Fig. 2: Frequency of brain-behaviour associations for each diagnosis and all diagnoses combined.
figure 2

The thickness of the connections is proportional to the number of reported associations within each diagnostic group. Labels are listed clockwise.

Behaviour was associated with widespread regions, networks and white matter tracts across the brain for all diagnostic groups. In ADHD, cognition and symptoms were mostly linked with the default mode and frontoparietal networks and white matter association fibres, whereas in ASD, symptoms were mostly associated with the morphology of frontal and subcortical regions, as well as white matter association fibres. Similarly, depressive symptoms in MDD were also associated mostly with frontal regions but also with limbic regions and the cingulate cortex.
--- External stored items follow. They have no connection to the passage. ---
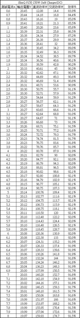 ▼DC插座單獨使用下0.6A至8A輸出轉換效率表,整體輸出轉換效率在83.9%至92.1%之間
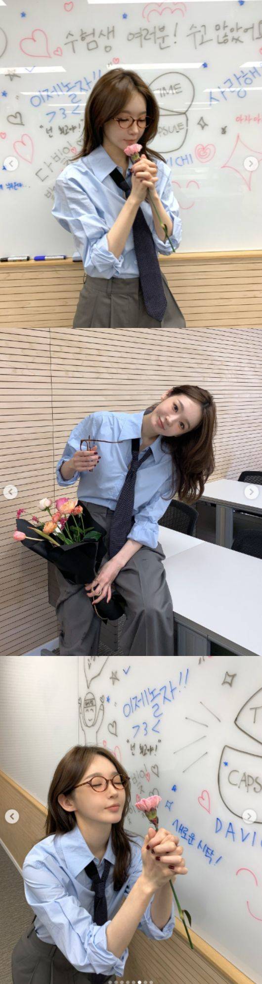또 칠판에는 ‘수험생 여러분! 수고 많았어요’, ‘이제 놀자’, ‘사랑해’, ‘새로운 시작’ 등 다양한 글들이 작성되어 있었다. 이를 배경으로 강민경은 양손 깍지를 끼고 기도하거나 한쪽 무릎을 꿇고 꽃다발을 내밀며 수능 시험을 앞둔 수험생들을 응원했다.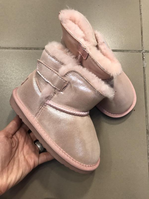 Нежные Детские угги выполнены из натурально-замши с пропиткой блестки и утеплены комбинированным материалом- вередине искусственный мех, а к верху по ножке там, где липучка, натуральная овчина! Размер один 26 Стелька не вынимается.промеревшая 16 см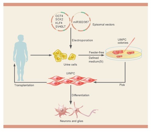 12月9日,國際權(quán)威學(xué)術(shù)期刊《自然—方法學(xué)》(Nature Methods)在線發(fā)表了中科院廣州生物醫(yī)藥與健康研究院裴端卿研究員和潘光錦研究員領(lǐng)導(dǎo)的研究組的最新研究成果 “利用病人尿液細(xì)胞獲得神經(jīng)干細(xì)胞”。他們研究通過特殊的手段將一些干細(xì)胞因子導(dǎo)入從病人尿液中分離而來的細(xì)胞中并通過特殊的誘導(dǎo)培養(yǎng)基培養(yǎng),成功地將病人的尿液細(xì)胞誘導(dǎo)轉(zhuǎn)變?yōu)榫哂泄δ艿纳窠?jīng)干細(xì)胞。這些由尿液細(xì)胞轉(zhuǎn)變而來的神經(jīng)干細(xì)胞能夠在體外擴(kuò)增并在適當(dāng)?shù)臈l件下分化成熟為人體中各種存在的神經(jīng)元和膠質(zhì)細(xì)胞。在進(jìn)一步的動(dòng)物模型的移植實(shí)驗(yàn)中,能夠很好的在體內(nèi)存活和融入宿主的腦環(huán)境中。
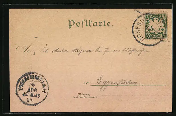 Personenbezogene Daten auf der Rückseite der Karte wurden durch blauen Textmarker unkenntlich gemacht. Die blauen Stellen sind auf die Vorderseite durchgeweicht und wirken sich negativ auf das Postkartenfoto aus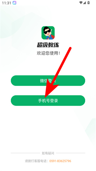 1、在超級教練登錄頁面,點擊手機號登錄選項,進入手機號登錄界面。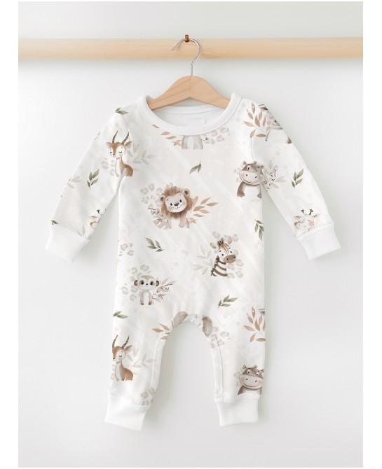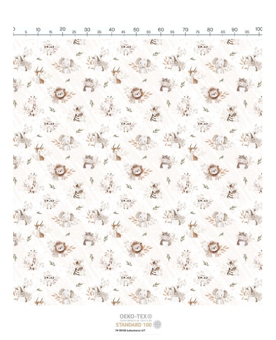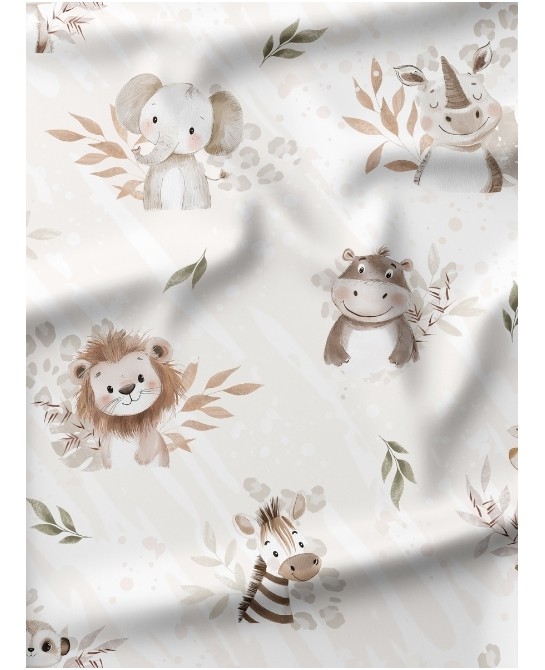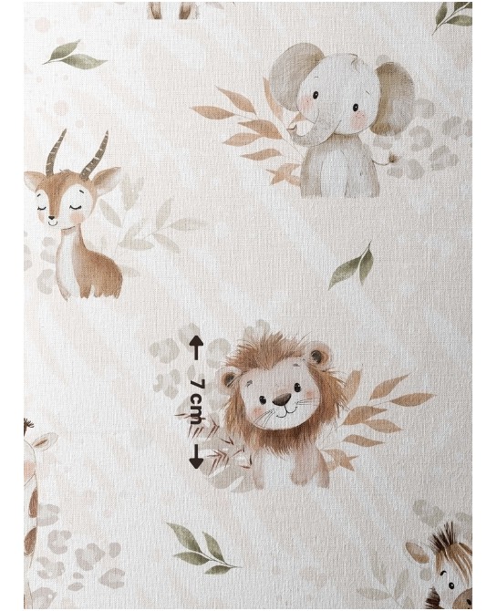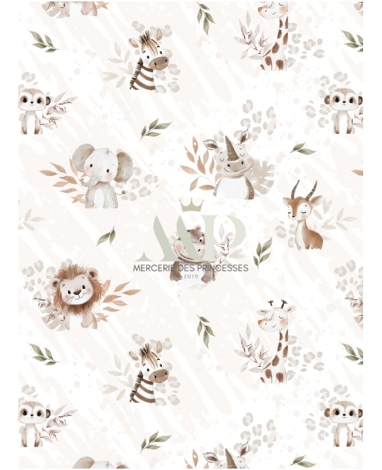 Apportez une touche tendre et exotique à vos créations avec le tissu coton imprimé Douceur de la Savane. Son motif poétique illustre de charmants animaux – éléphants, lions, girafes, zèbres, hippopotames, gazelles et rhinocéros – dans des tons doux et naturels, accompagnés de feuillages délicats sur un fond beige subtil. L’ensemble crée une ambiance apaisante et chaleureuse, idéale pour les projets couture enfantins.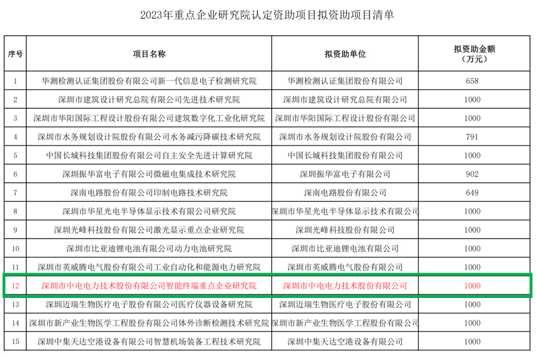 CET中电技术智能装置研发中心申请的“智能终端重点企业研究院”经过深圳市科技创新委员会组织的专家评审、现场考察和公示,获得2023年度深圳市重点企业研究院认定和1000万资助。

In psychosis, all types of behavioural features were more visibly associated with frontal regions, followed by temporal and subcortical regions. Finally, the prevalence of frontal regions was also clear in the transdiagnostic group, especially in the association with cognition; white matter association fibres were also linked with cognition and symptoms. Notably, there was no clear association between specific patterns of functional connectivity and behaviour (Fig. 2). In the next sections, the brain-behaviour associations for each diagnostic group are presented in more detail.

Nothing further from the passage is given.